AG Niebüll – Az.: 8 C 259/12 – Urteil vom 13.12.2012

1. Die Klage wird abgewiesen.

2. Die Kosten des Rechtsstreits werden dem Kläger auferlegt.

3. Das Urteil ist vorläufig vollstreckbar. Dem Kläger wird nachgelassen die Vollstreckung wegen der Kosten gegen Sicherheitsleistung in Höhe von 110% des zu vollstreckenden Betrages abzuwenden, wenn nicht die Beklagten vor der Vollstreckung Sicherheit in gleicher Höhe leisten.

Tatbestand

Der Kläger verlangt von den Beklagten unter Bezugnahme auf das nachbarschaftliche Verhältnis ein Vorgehen gegen ihre Mieter.

Lärmbelästigung und Beleidigungen durch Mieter des Nachbarn
Symbolfoto: Von Koldunova Anna /Shutterstock.com

Der Kläger ist Eigentümer des von ihm selbst genutzten Hausgrundstücks … in … . In unmittelbarer Nachbarschaft liegt das den Beklagten gehörende Hausgrundstück …, welches von den Beklagten an Frau … sowie … vermietet ist, welche das Objekt mit ihren Kindern und Haustieren bewohnen.

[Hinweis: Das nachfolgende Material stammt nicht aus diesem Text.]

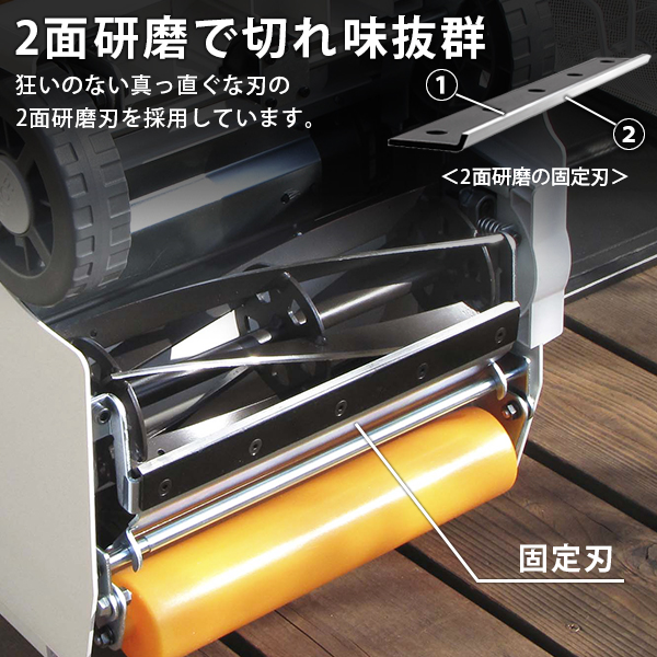 高回転モーターとリール式3枚刃採用で葉枯れがなく芝生にやさしい仕様になっています。 -
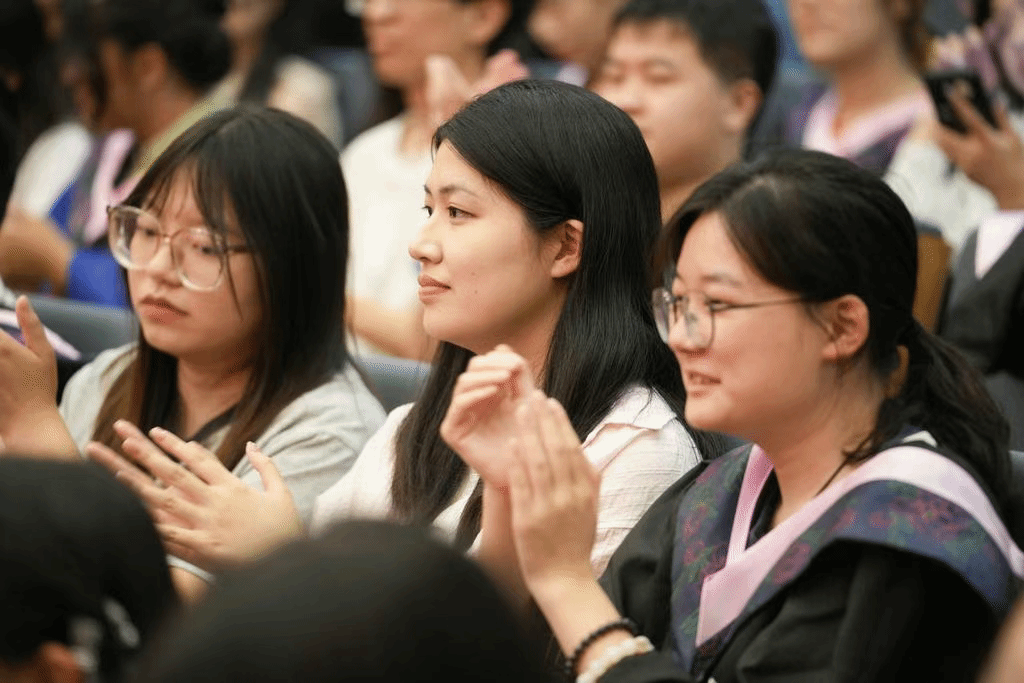 “你今天过得跟别人一样吗?”“你今天有被别人的选择影响吗?”“你今天是因为别人而快乐吗?”期待同学们能在知识之外,用大学的精神回答问题,也重思何为人文学科、人文精神。以老人与海和小王子与玫瑰花的故事为例,她温情期待同学们能选择“心之所动”的方向,无论是在惊心动魄的成就感中,还是在普普通通的成就感中,都要找寻到努力过后的快乐和满足,在任何时代都熠熠发光。

Der (Kläger nahm Anstoß an dem Erscheinungsbild bzw. Verhalten der Mieter der Beklagten. Wegen einer von ihm wahrgenommenen körperlichen Gewalt gegenüber den zur Mieterfamilie gehörenden Kindern wandte sich der Kläger an das Jugendamt. Zudem schaltete der Kläger die Ordnungsbehörden ein, um auf die Beseitigung von Müllanhäufungen im Bereich des Grundstücks der Beklagten hinzuweisen. Zudem kam es zu mehrfachen Polizeieinsätzen im Zusammenhang mit Streitigkeiten bzw. körperlichen Auseinandersetzungen, an denen die Mieter der Beklagten beteiligt waren. Ohne Erfolg nahm der Kläger vorgerichtlich ein Schiedsmannverfahren gegen die Mieter der Beklagten auf, an welchem auch die Beklagten beteiligt wurden.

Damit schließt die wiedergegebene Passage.